6. The terrain cell-based landslide susceptibility assessment method according to claim 1, wherein in S1, the disaster factor data comprises continuous data and discrete data, the continuous data is elevation, slope direction, distance from river, distance from road, section curvature, NDVI, and the discrete data is rock-soil body type, land use type, and slope structure.

Background

The landslide susceptibility evaluation is the basis for realizing landslide geological disaster prevention and control, and the landslide disaster-causing factor and the landslide evaluation unit division are two most important components in the landslide susceptibility evaluation. The landslide disaster-causing factor analysis is the primary work of risk assessment and prevention and control of regional landslide disasters, and meanwhile, the landslide susceptibility evaluation method is poor in reliability due to the fact that some problems still exist in the existing method for dividing landslide susceptibility evaluation units and no uniform division standard exists.

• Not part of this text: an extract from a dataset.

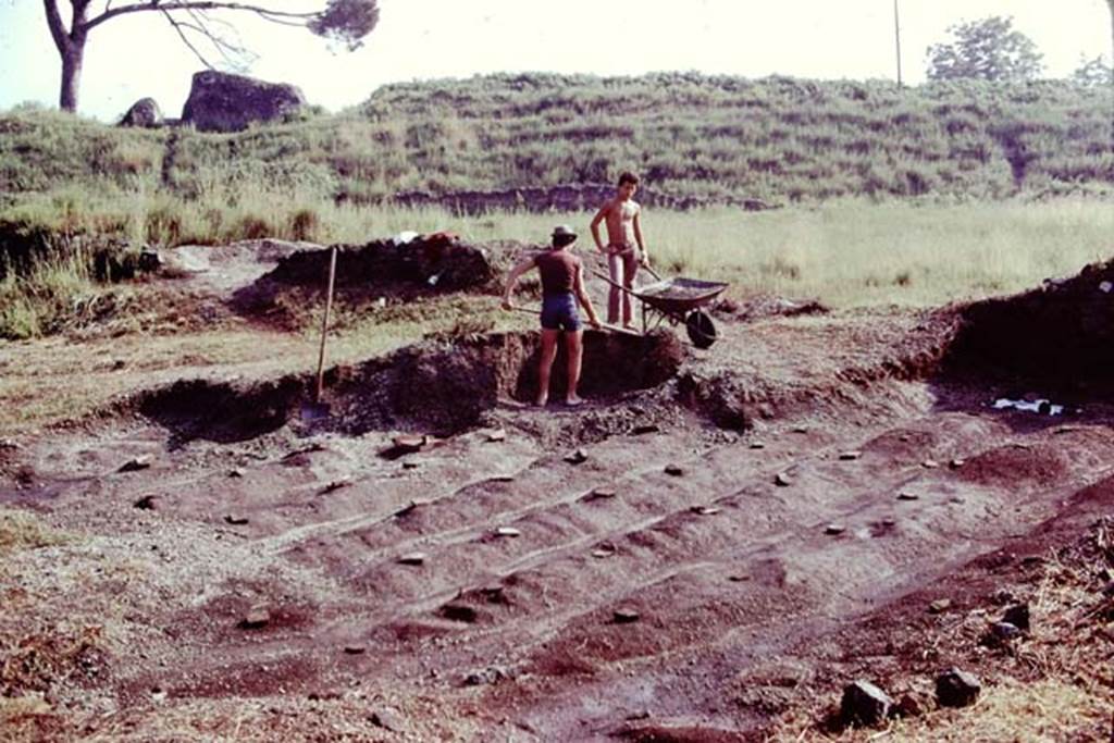 III.7 Pompeii. 1976. Original soil level reached through the lapilli. Photo by Stanley A. Jashemski.
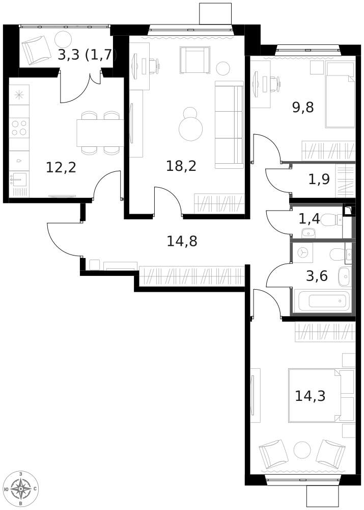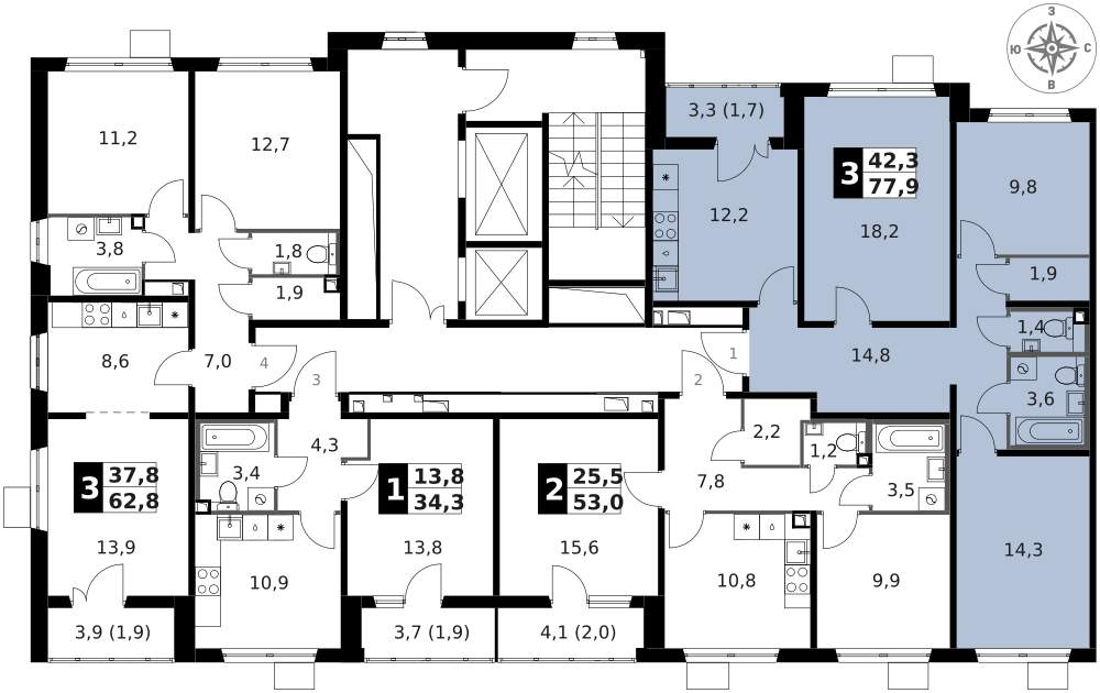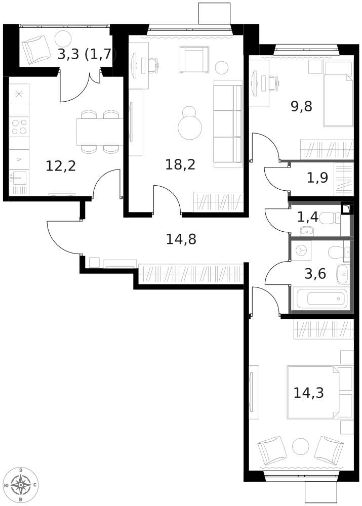 В ЖК 1-й Шереметьевский разнообразие площадей и планировок. Большие кухни-гостиные: в них два окна или больше. Во всех квартирах площадью от 40 кв.м. и выше спроектировано 2 санузла. Большие остекленные лоджии с отделкой.

The landslide occurrence is a relatively complex process, and the establishment of a scientific incidence evaluation model is very important for the landslide incidence evaluation result.

Disclosure of Invention

The invention provides a landslide susceptibility evaluation method based on a terrain unit, aiming at the problem that the existing landslide susceptibility evaluation method is poor in reliability.

The invention discloses a landslide susceptibility evaluation method based on a terrain unit, which comprises the following steps:

s1, determining the position of the landslide point and related disaster-causing factor data;

s2, discretizing the disaster causing factor data to obtain discrete intervals of the disaster causing factor data, wherein each discrete interval corresponds to one classification type, and the distribution area occupation ratio AR of each disaster causing factor in each discrete interval is obtained;

s3, obtaining a weight ratio exponential curve according to the area occupation ratio AR of each disaster causing factor in each discrete interval, taking the intersection point and inflection point of the area ratio exponential curve and the weight ratio exponential curve as a judgment standard, and taking the inflection point or intersection point of the weight ratio exponential curve and the area ratio exponential curve as the endpoint value of the interval to obtain an optimized interval; the weight ratio index QW is:

wherein H is the number of landslides in each classification category, H₀The total number of the landslide points;

s4, counting the area of each discrete interval and the corresponding landslide point number after optimization, and obtaining a landslide inclination index as follows:

wherein TT_sRepresenting the ratio of the total number of landslide points to the total area occupied by the disaster-causing factor data, TT_aThe ratio of the total number of the landslide points existing in the optimized interval corresponding to the corresponding disaster-causing factor to the area of the interval a is as follows:

if OS >0, the slip inclination index OS is a positive value in the optimized interval range, and the possibility of occurrence of landslide is high;

if the OS is less than 0, the slip inclination index OS is a negative value in the optimized interval range, and the possibility of occurrence of landslide is low;

if OS is approximately equal to 0, the slip inclination index OS is close to zero in the optimized interval range, and whether the landslide occurs or not cannot be determined;

s4, constructing a river network by utilizing a terrain surface model DEM;

s5, calculating connection points in a river network to obtain water outlet points of a certain catchment basin, extracting catchment basins under positive and negative terrains respectively by combining water flow direction data, determining positions of all grid units of the catchment basins, and combining the catchment basins under the positive and negative terrains to obtain a terrain unit;

s6, assigning the slip inclination index of each optimized interval of each disaster causing factor to each terrain unit;

and S7, inputting the data in each terrain unit and outputting the landslide probability value of each terrain unit to the constructed random forest model.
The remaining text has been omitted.